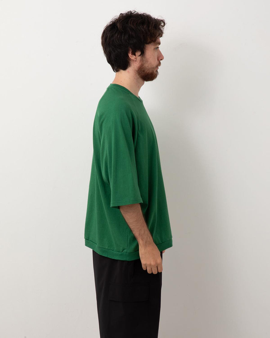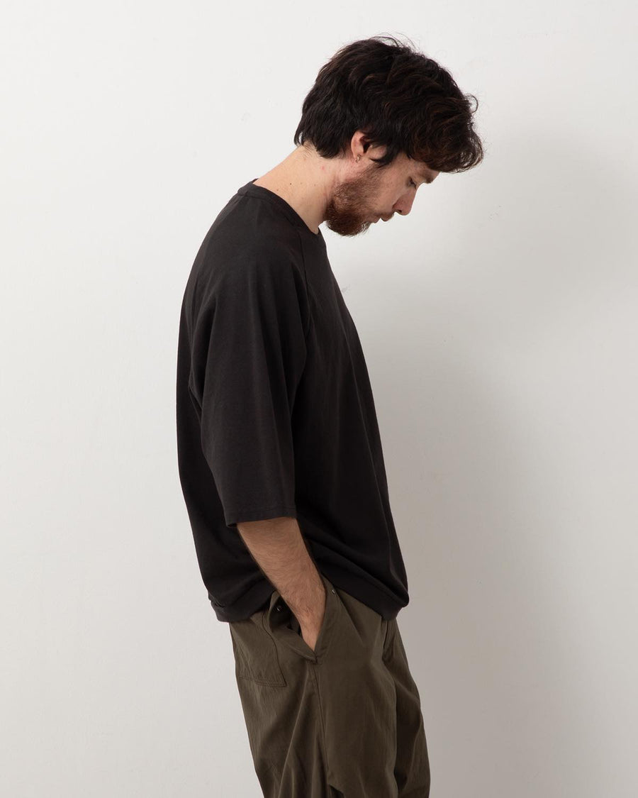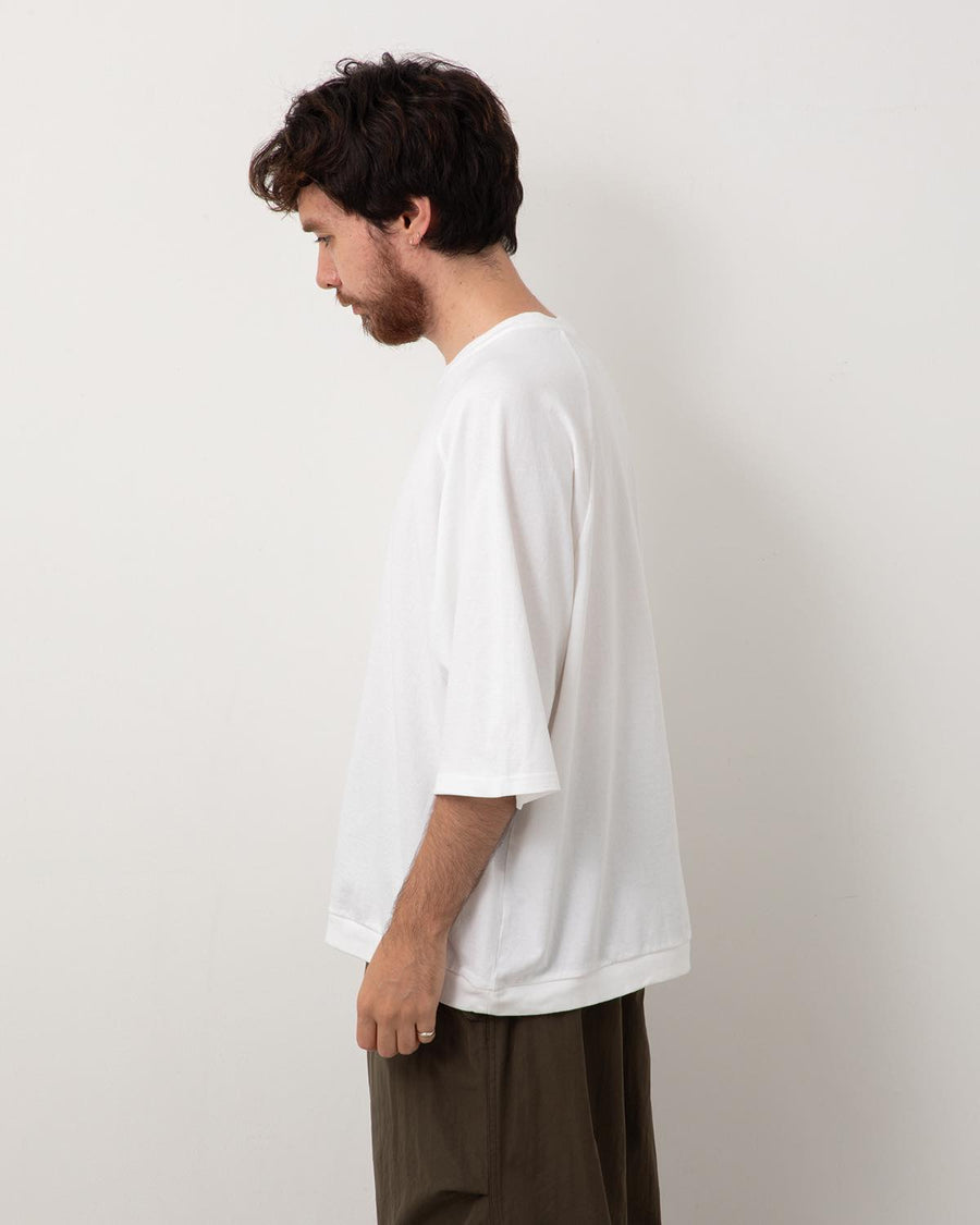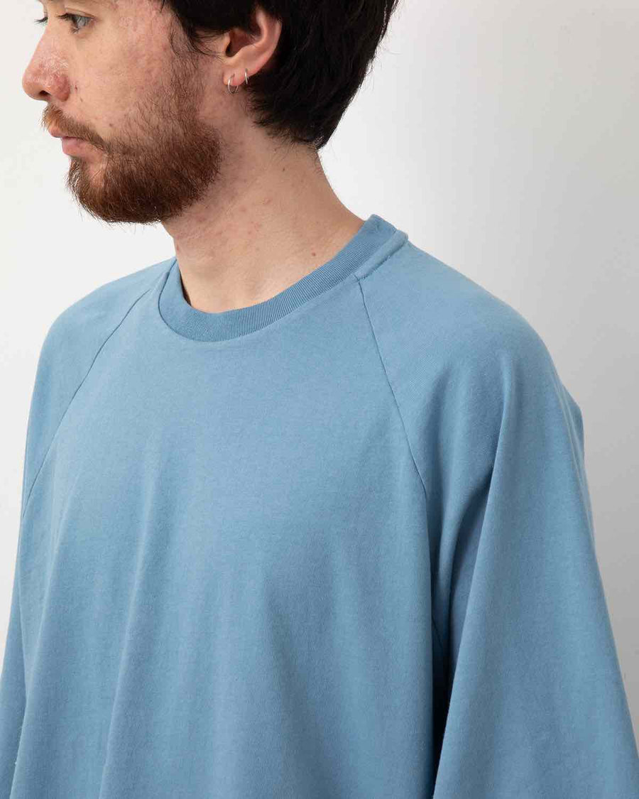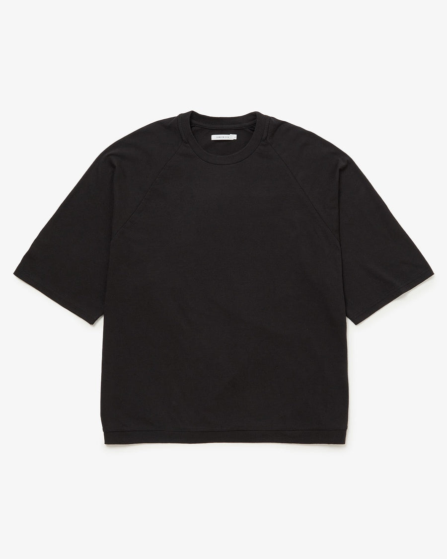 ドライタッチ(シャリ感)な風合いのアメリカコットン天竺を使用した、ラグラン仕様の5分袖丈Tシャツです。
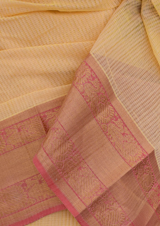 Beautiful Handwoven Missing weave Mangalgiri Cotton Saree with Zari border
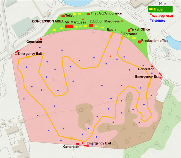 The event will take over much of the central area of the park which used to form the pitch and putt. The documentation appears to indicate that access will be retained to the café and museum and areas around the perimeter of the park.
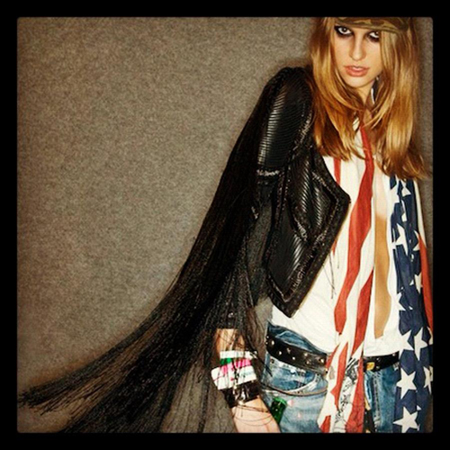 La marca italiana ha hecho un mix and match de inspiraciones varias como el Festival Glastonbury de Reino Unido y los conciertos hippy de rock de los 60s y 70s usando la bandera americana como tema estrella y otros detalles rockeros de la época como los flecos, el cuero, el tejano y las tachuelas. Pero no se habla sólo de rock de los setenta, también hacen referencia al skate, como vemos en las fotos de la capñana y en los estilismos del desfile, incorporando los típicos calcetines blancos con las dos líneas de colores que se utilizaban en los primeros años del skate. También hacen un guiño al grunge de los noventa, con las camisas de cuadros masculinas anudadas a la cintura, y por supuesto, un dato clave que nos recuerda en que temporada estamos: los neones. Sí señor, han combinado todos estos rasgos con toques de neón en las gafas, relojes y otros accesorios.
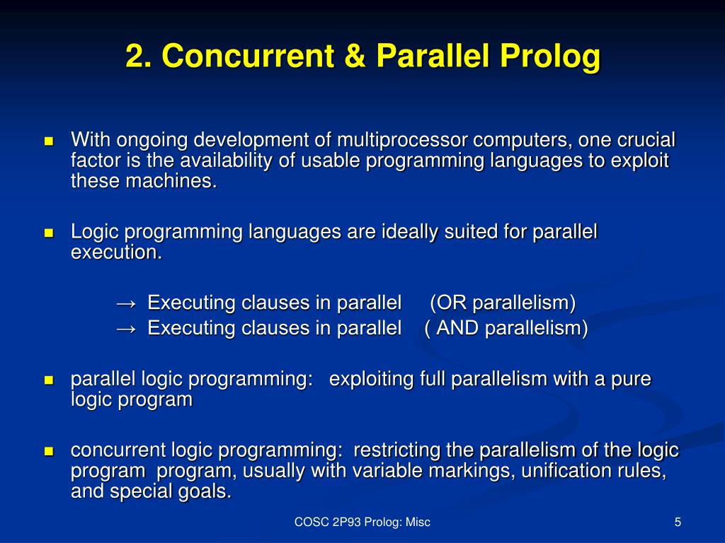2. Concurrent & Parallel Prolog COSC 2P93 Prolog: Misc With ongoing development of multiprocessor computers, one crucial factor is the availability of usable programming languages to exploit these machines. Logic programming languages are ideally suited for parallel execution. → Executing clauses in parallel (OR parallelism) → Executing clauses in parallel ( AND parallelism) parallel logic programming: exploiting full parallelism with a pure logic program concurrent logic programming: restricting the parallelism of the logic program program, usually with variable markings, unification rules, and special goals.
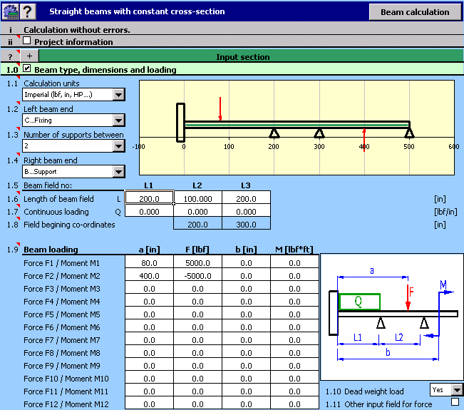 Calculations of straight, maximum three times static indefinite beams. Calculation of reactions in supports, moment, stress, deflection and bending angle.

________________________________________

### WHAT IS EXPECTED
Leaving all pictures out, output exactly the lines of the material above from the line with "The event will" to the line with "La marca italiana", both included.

### RESPONSE FOR THIS EXERCISE
 The event will take over much of the central area of the park which used to form the pitch and putt. The documentation appears to indicate that access will be retained to the café and museum and areas around the perimeter of the park.
 La marca italiana ha hecho un mix and match de inspiraciones varias como el Festival Glastonbury de Reino Unido y los conciertos hippy de rock de los 60s y 70s usando la bandera americana como tema estrella y otros detalles rockeros de la época como los flecos, el cuero, el tejano y las tachuelas. Pero no se habla sólo de rock de los setenta, también hacen referencia al skate, como vemos en las fotos de la capñana y en los estilismos del desfile, incorporando los típicos calcetines blancos con las dos líneas de colores que se utilizaban en los primeros años del skate. También hacen un guiño al grunge de los noventa, con las camisas de cuadros masculinas anudadas a la cintura, y por supuesto, un dato clave que nos recuerda en que temporada estamos: los neones. Sí señor, han combinado todos estos rasgos con toques de neón en las gafas, relojes y otros accesorios.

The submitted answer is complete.